From Table 6, it can be seen that the position RMSE values corresponding to the AMEECKF are the smallest compared to the results from the CKF, HCKF, and MCCCKF. Since the RMSE directly reflects the magnitude of position estimation error, smaller values indicate higher position estimation accuracy.

6. Discussion

Aiming at the problem that GNSS/INS systems mounted on low-cost UAVs are susceptible to interference from heavy-tailed non-Gaussian measurement noise, leading to degraded navigation accuracy, this paper proposes an AMEECKF. This algorithm leverages the efficient processing capability of the CKF for system nonlinear models, establishing a foundation of basic accuracy for state estimation in nonlinear scenarios. Utilizing the insensitivity of correntropy to outliers, correntropy theory is introduced to mitigate the effects of heavy-tailed measurement noise, replacing the traditional MMSE criterion with the MEE criterion. Simultaneously, a kernel bandwidth adaptive adjustment factor is constructed to dynamically tune the kernel bandwidth according to the real-time characteristics of the measurement data, further reducing the interference of measurement outliers on filtering accuracy and enhancing the filter’s robustness in complex noise environments.

For demonstrating the filter’s effectiveness, this paper designed numerical simulations and UAV flight experiments, comparing AMEECKF against CKF, HCKF, and MCCCKF. Specific experimental results show that in the dynamic flight environment of UAVs, the AMEECKF can effectively suppress the interference of the nonlinearity of the system model on navigation accuracy and ensure the stable operation of the integrated navigation system.

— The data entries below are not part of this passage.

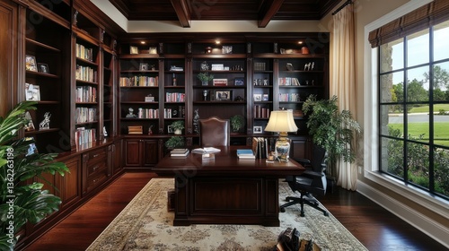 Luxurious Home Office with Wooden Bookshelves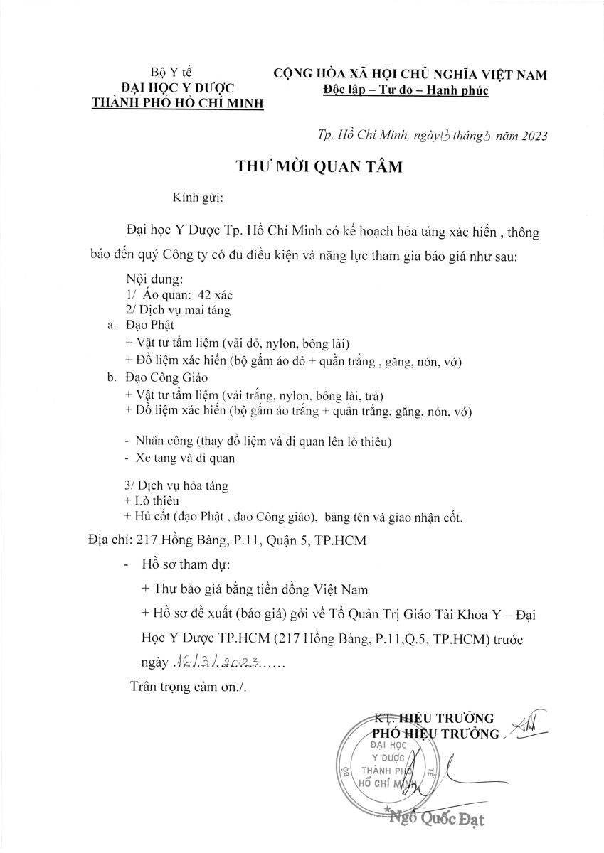 Thời gian nhận hồ sơ chào giá: từ ngày ra thông báo đến trước ngày 16/3/2023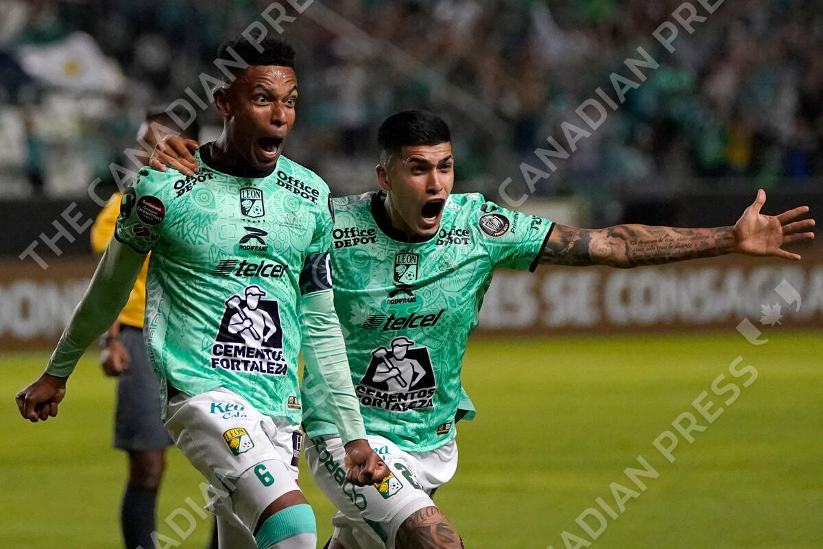William Tesillo of Mexico's Leon, left, celebrates with teammate Adonis Frias, after scoring his team's first goal against Los Angeles FC during the first leg of the CONCACAF championship final soccer match at Leon stadium in Guanajuato, Mexico, Wednesday, May 31, 2023. (AP Pho to/Eduardo Verdugo)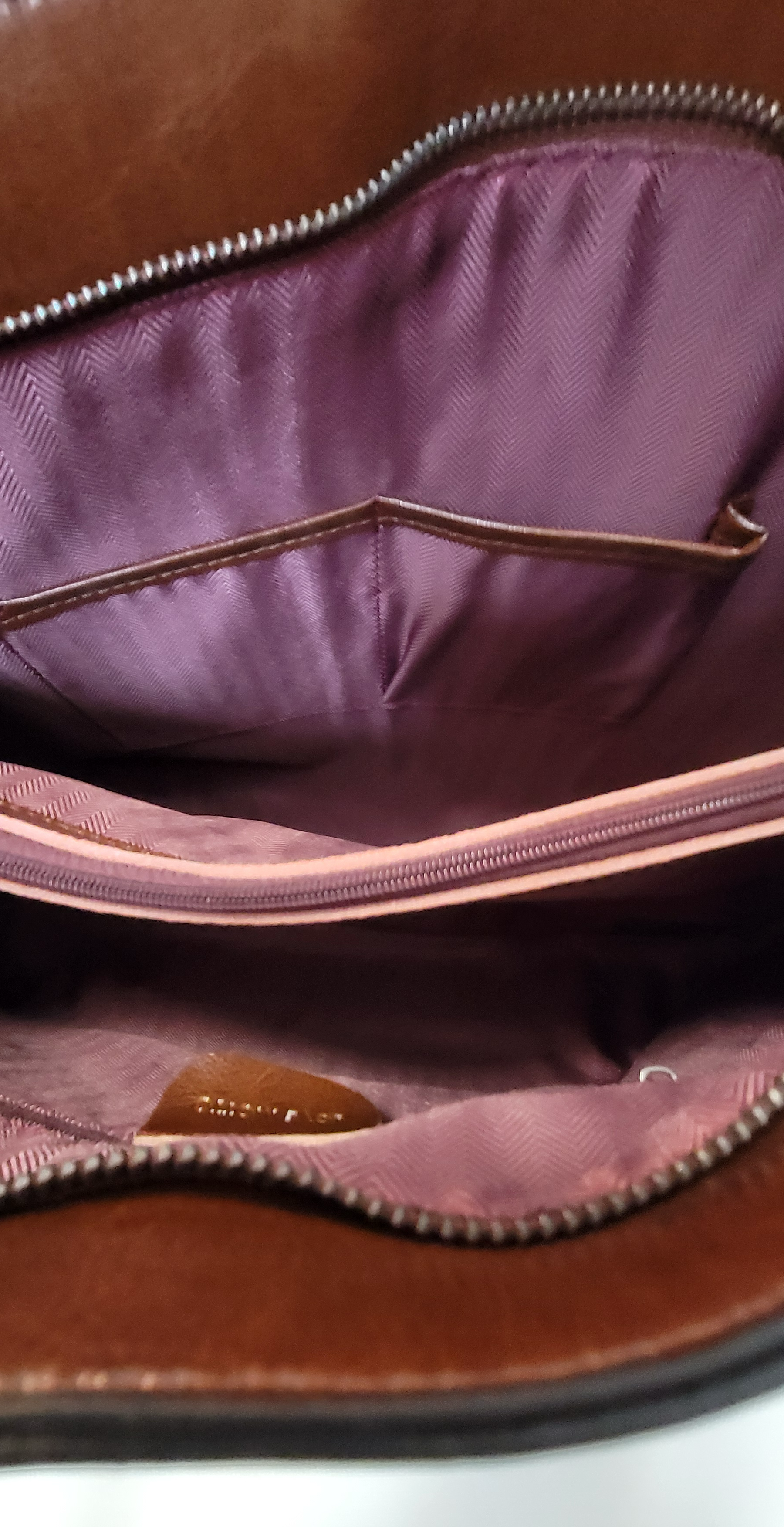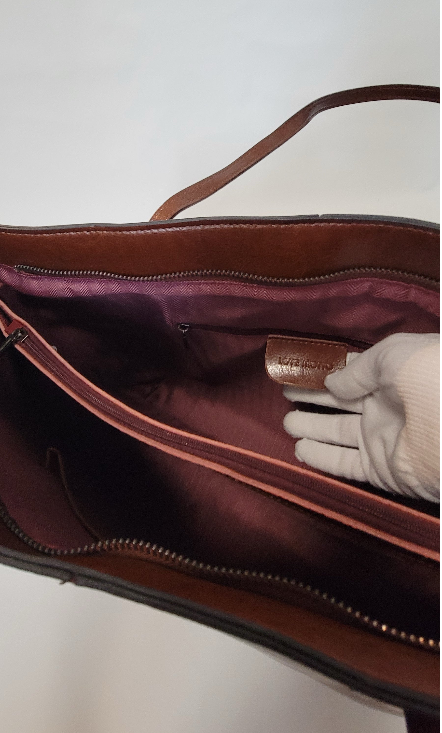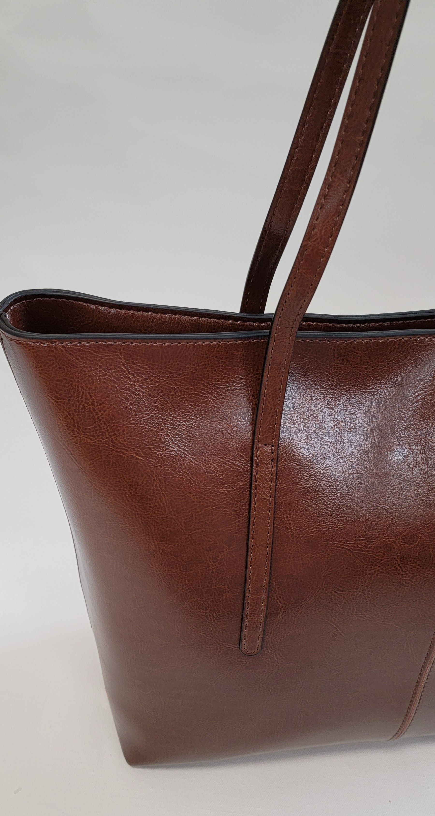 Genuine leather tote with a radiant, glossy exterior and a distinctive flared (trapezoid) design.

Meanwhile, when confronted with significant measurement outliers, the algorithm still demonstrates excellent robustness and has notable advantages in the estimation accuracy of navigation parameters, thereby comprehensively enhancing the overall accuracy of the GNSS/INS-integrated navigation system.

In summary, the AMEECKF effectively addresses the interference challenge posed by heavy-tailed non-Gaussian measurement noise on low-cost UAV GNSS/INS-integrated navigation systems. It provides reliable technical support for the high-precision application, possessing considerable practical engineering value. Meanwhile, it should be noted that the GNSS/INS system in this paper employs a loose coupling model. While this model possesses significant advantages of low computational complexity and a linear measurement model, and these features help reduce the difficulty of engineering implementation, it has lower overall accuracy compared with the tight coupling model that can deeply fuse GNSS raw observation data and still has certain limitations in high-precision navigation scenarios. Future research may attempt to implement the model proposed in this paper within the GNSS/INS tight coupling framework. It may also try to extend the algorithm in this paper to multi-sensor fusion navigation scenarios involving inertial sensors combined with visual cameras, LiDAR, and airspeed sensors—so as to further explore its broader applicability in multi-sensor-integrated navigation and meet complex and ever-changing navigation requirements.